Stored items
┄┄┄┄┄┄
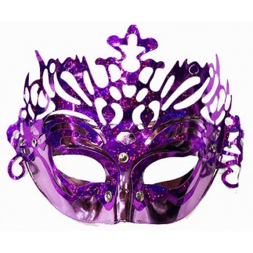 Metalize Ekstra Parlak Hologramlı Parti Maskesi Mor Renk 23x14 Cm
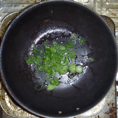 P1030507.JPG油大さじ1を入れた中華鍋等でネギを炒めます。
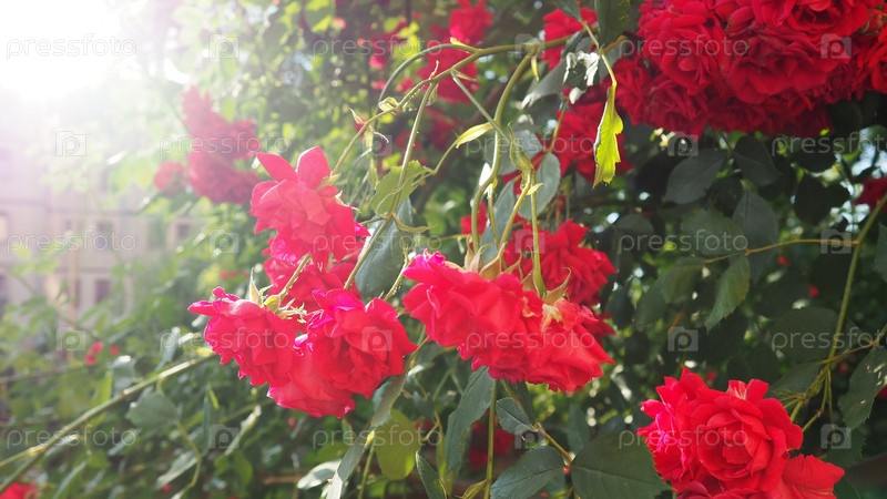 Крупный план куста красных роз в летнем саду под солнечным светом. Красные кустовые розы с множеством бутонов, раскрытые цветы. Клумба в парке, способ украсить улицы и ландшафты
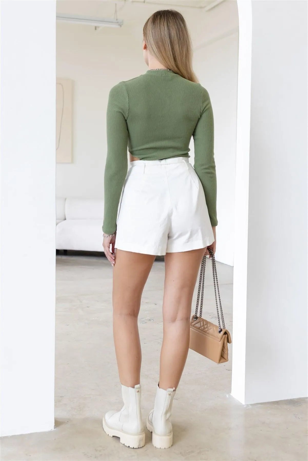 🖤 Item Features: Olive, ribbed, mock neckline, textured, solid color, long sleeves, cut-out details, long sleeves, thong double snap closure, slim fit, stretchy, not see through, unlined, casual, cute, stylish, trendy, soft to touch
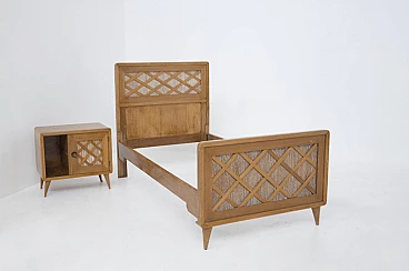 Single bed and wooden nightstand designed by Paolo Buffa in the 1950s, of fine italian workmanship.
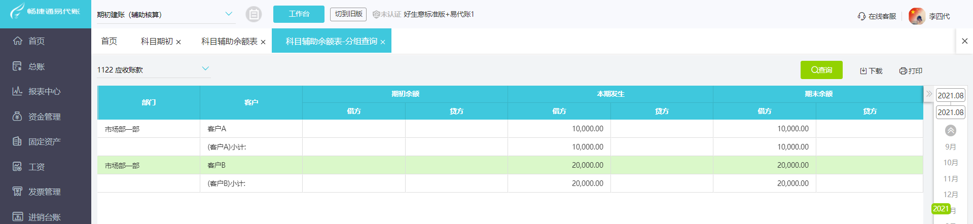 分组查询针对多辅助核算使用,例如需要查询市场一部下分别A和B客户的余额和汇总金额
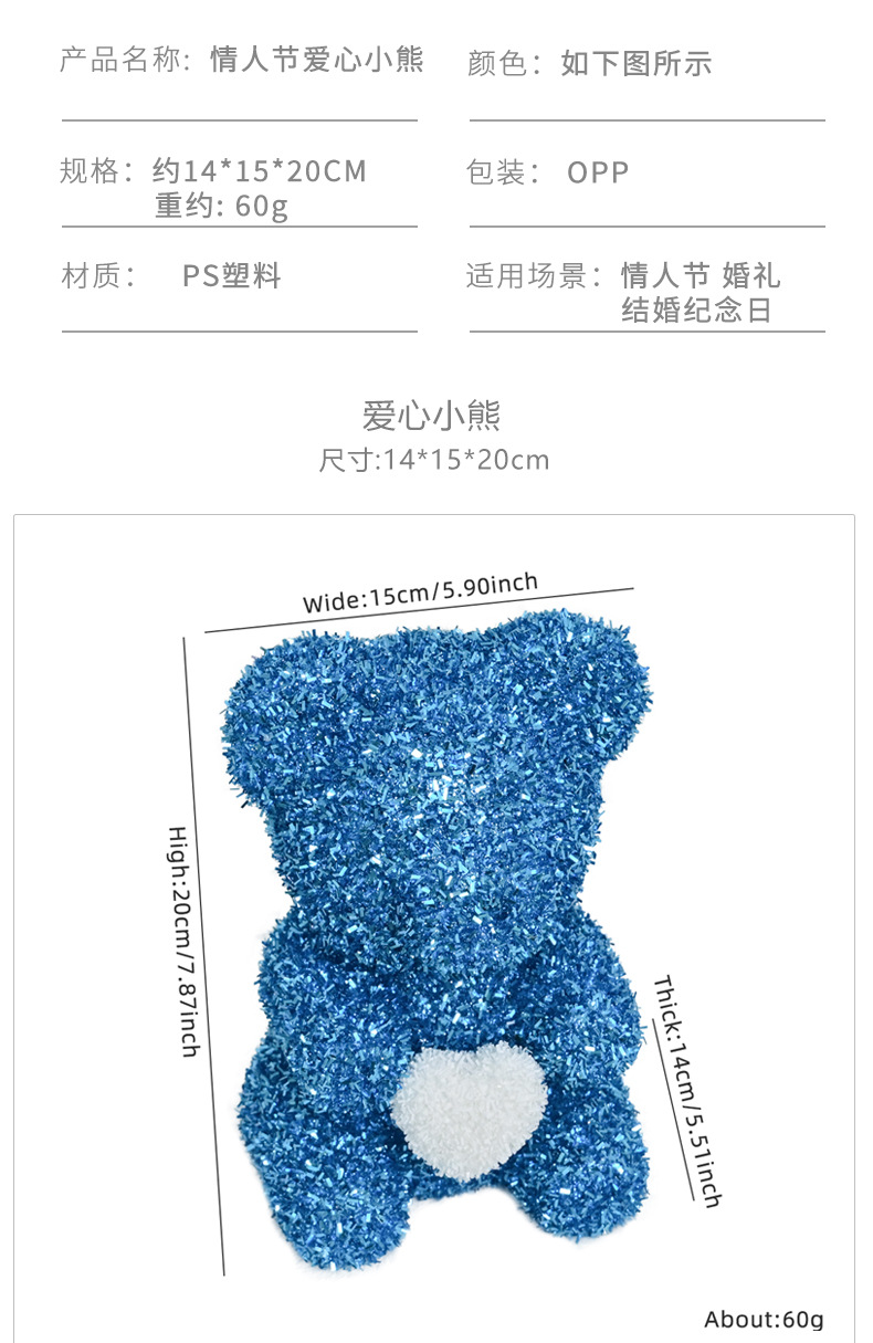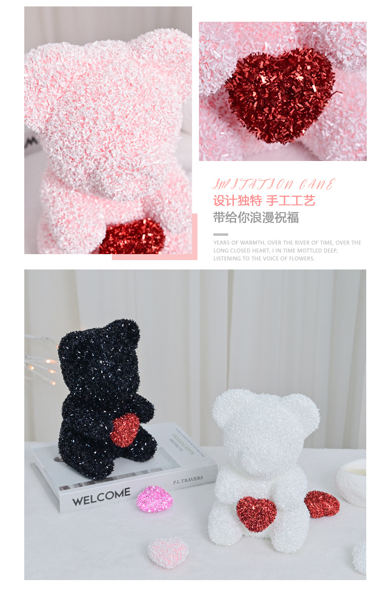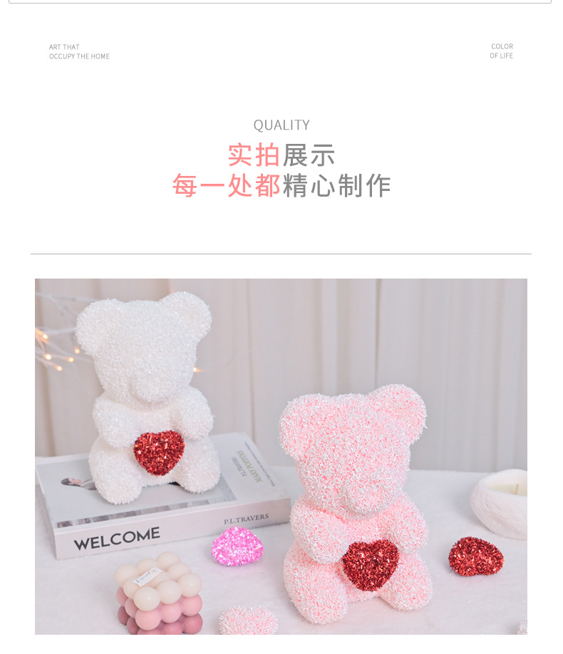 新款七夕情人节礼品抱抱熊泡沫花20cm泡沫玫瑰熊闪粉小熊公仔
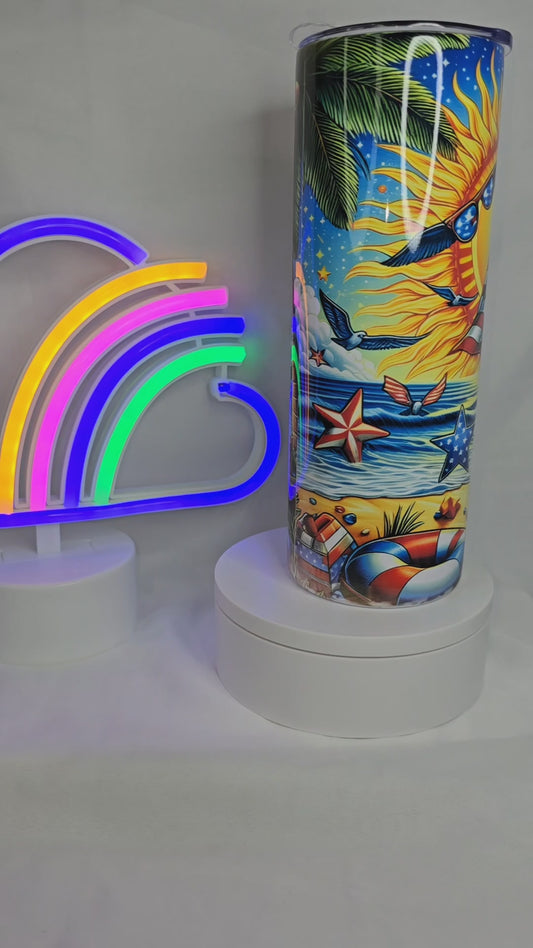 S30- Patriotic Beach 20 oz sublimated tumbler/damaged clearance
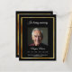 Un programme élégant de 2 pages. Arrière - plan noir, cadre faux or, espace pour une photo. Personnalisez et ajoutez le nom, les dates et votre texte. 1 feuille = 1 programme imprimé de bord en bord.
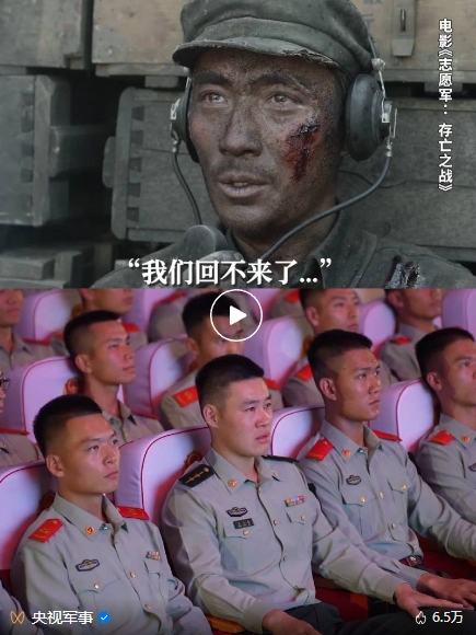 近日,武警北京總隊機動某支隊官兵觀看了電影《志愿軍:存亡之戰(zhàn)》。(該支隊特戰(zhàn)一中隊前身原隸屬電影中“英雄鐵軍”63軍188師,是這部電影中主要描繪的連隊原型。)在電影里,63軍188師營指導(dǎo)員李想說完“一營倒下了,我們回不來了,你們繼續(xù)前進(jìn)”,眼含熱淚的官兵響亮回答:“我們繼續(xù)前進(jìn)!我們繼續(xù)前進(jìn)!我們繼續(xù)前進(jìn)!”這一幕感動了眾多網(wǎng)友。
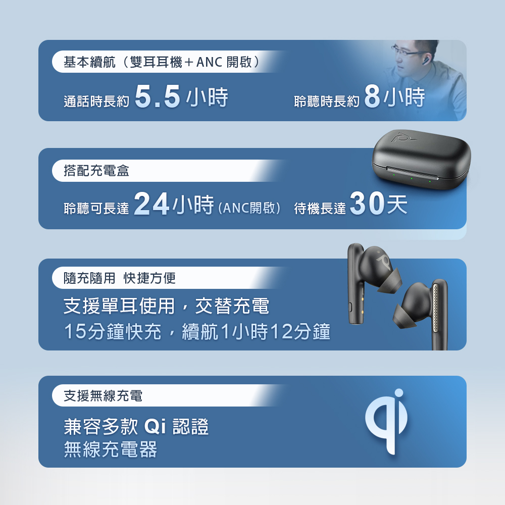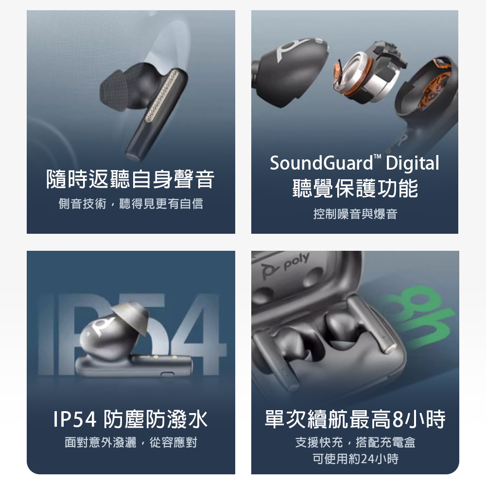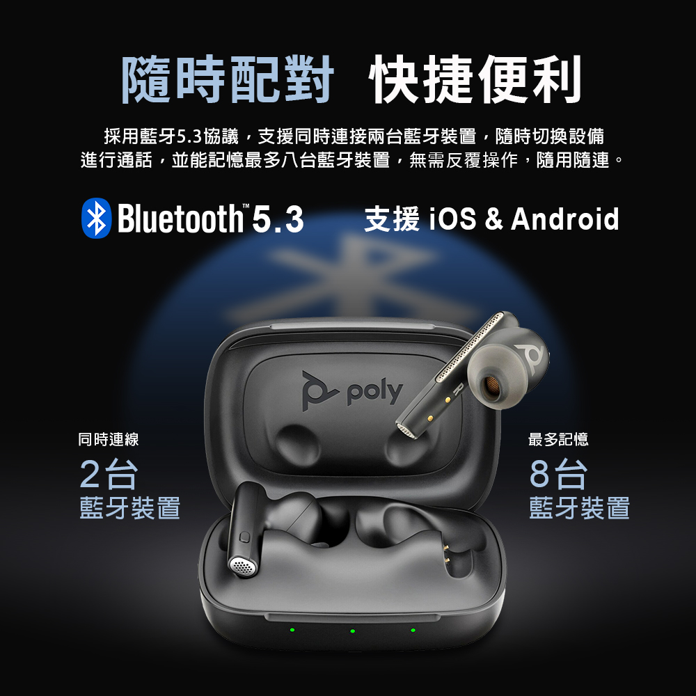 HP 惠普【Poly】Voyager Free 60 真無線藍牙耳機 耳塞式(黑色)
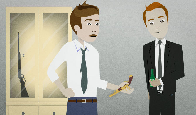 You have an antique gun that used to belong to your grandfather. You have visitors from your church over at your house, and someone is looking at the gun. You explain where it came from.
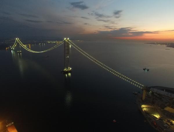 STANBUL-İzmir arasındaki yolun 3,5 saate inmesini sağlayacak Gebze-Orhangazi-İzmir otoyol projesinin en önemli ayağı olan ve 'Osmangazi " adı verilen İzmit Körfez Geçiş köprüsü bugün açılıyor. 2015 Mart ayında kılavuz kablolardan biri kopmasıyla bitiş tarihinde gecikme yaşanan, köprü yaklaşık 39 ay süren bir çalışmayla tamamlandı.
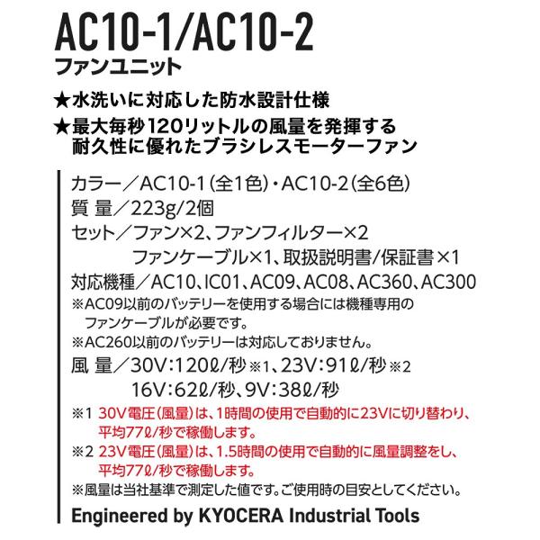 と最大毎秒120リットルの風量を発揮するAC10-1/AC10-2
┄┄┄┄┄┄
Exercise aim | Please transcribe, word for word, every line from the first line of the records above through the line containing "Крупный план куста", and leave out any pictures.

Exercise response |
 Metalize Ekstra Parlak Hologramlı Parti Maskesi Mor Renk 23x14 Cm
 P1030507.JPG油大さじ1を入れた中華鍋等でネギを炒めます。
 Крупный план куста красных роз в летнем саду под солнечным светом. Красные кустовые розы с множеством бутонов, раскрытые цветы. Клумба в парке, способ украсить улицы и ландшафты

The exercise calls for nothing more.